[AIM OF THE TASK]
Reproduction of part of the material below, pictures omitted: copy exactly, and only, the lines starting with the one with "Самый распространенный и" and going on through the one with "- دبابيس عروسة".

[RECORDS FOR THIS TASK]
[Start of Attachment]

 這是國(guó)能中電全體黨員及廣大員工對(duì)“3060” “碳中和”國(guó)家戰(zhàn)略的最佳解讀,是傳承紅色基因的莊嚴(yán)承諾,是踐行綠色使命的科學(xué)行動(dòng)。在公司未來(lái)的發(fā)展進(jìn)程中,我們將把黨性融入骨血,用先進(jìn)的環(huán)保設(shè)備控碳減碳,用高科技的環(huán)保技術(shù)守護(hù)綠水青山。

[End of Attachment]
[Start of Attachment]

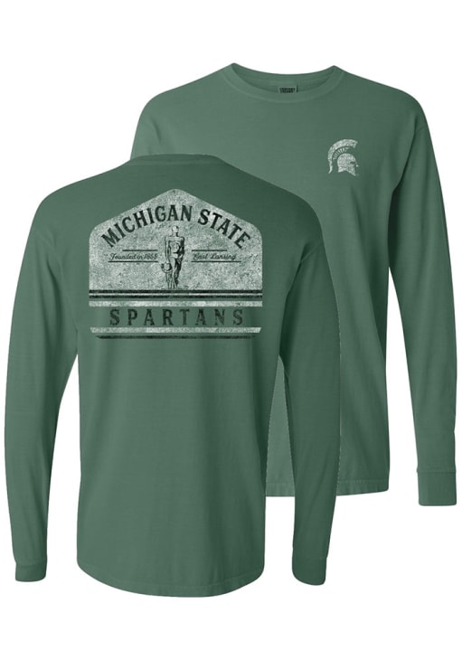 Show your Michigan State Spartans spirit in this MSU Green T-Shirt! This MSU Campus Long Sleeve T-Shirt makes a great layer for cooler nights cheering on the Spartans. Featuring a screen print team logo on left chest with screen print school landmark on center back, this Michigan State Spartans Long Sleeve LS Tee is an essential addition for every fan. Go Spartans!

[End of Attachment]
[Start of Attachment]

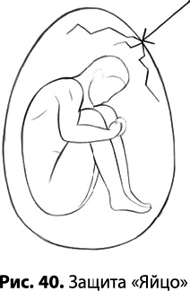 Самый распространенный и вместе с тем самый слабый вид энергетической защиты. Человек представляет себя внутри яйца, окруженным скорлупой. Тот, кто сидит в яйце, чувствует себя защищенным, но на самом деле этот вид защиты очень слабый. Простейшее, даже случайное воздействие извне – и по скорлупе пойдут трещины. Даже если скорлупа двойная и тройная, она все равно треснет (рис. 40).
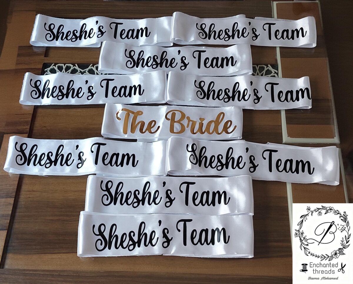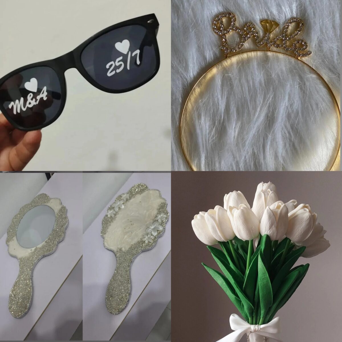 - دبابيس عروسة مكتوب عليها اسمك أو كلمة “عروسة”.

[End of Attachment]

[YOUR RESPONSE]
 Самый распространенный и вместе с тем самый слабый вид энергетической защиты. Человек представляет себя внутри яйца, окруженным скорлупой. Тот, кто сидит в яйце, чувствует себя защищенным, но на самом деле этот вид защиты очень слабый. Простейшее, даже случайное воздействие извне – и по скорлупе пойдут трещины. Даже если скорлупа двойная и тройная, она все равно треснет (рис. 40).
 - دبابيس عروسة مكتوب عليها اسمك أو كلمة “عروسة”.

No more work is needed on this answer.